--%>

Market hypotheses

Efficient market hypotheses:

a) Weak-form efficient market hypothesis: It assumes that current stock prices reflect all security market information including the historical sequence of prices, rates of return, trading volume data and other market generated information. This hypothesis implies that past rates  of return and other historical market data have no relationship with the future rates of return. For investment purpose, this means that one would not be able to gain by using any trading rule that decides whether to buy or sell a security based on past rates of return or any other security market data.

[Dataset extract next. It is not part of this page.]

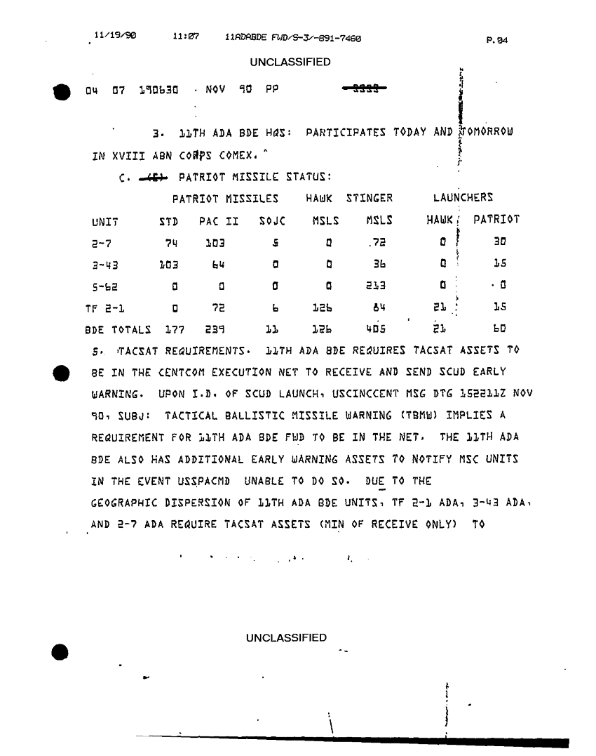 Document 7 f:/Week-32/BX000499/COMMAND REPORTS SITREPS 11TH ADA BDE 6 OCT 90-23 NOV 90/sitrep 11th ada no 86 18 to 19 nov 90:12179611150813

b) Semistrong-form efficient market hypothesis: It asserts that security prices rapidly adjust to the release of all information i.e. current security prices reflect all public information. This hypothesis encompasses the weak form hypothesis because all the market information considered by the weak form hypothesis such as stock prices, rates of return and trading volume is public. Public information also includes all non-market information like earnings and dividend announcements, price to earnings ratio, stock splits, economic and political news. From the investment point of view, the investors who base their decisions on any important new information after it is public should not derive above average risk adjusted profits from their transactions.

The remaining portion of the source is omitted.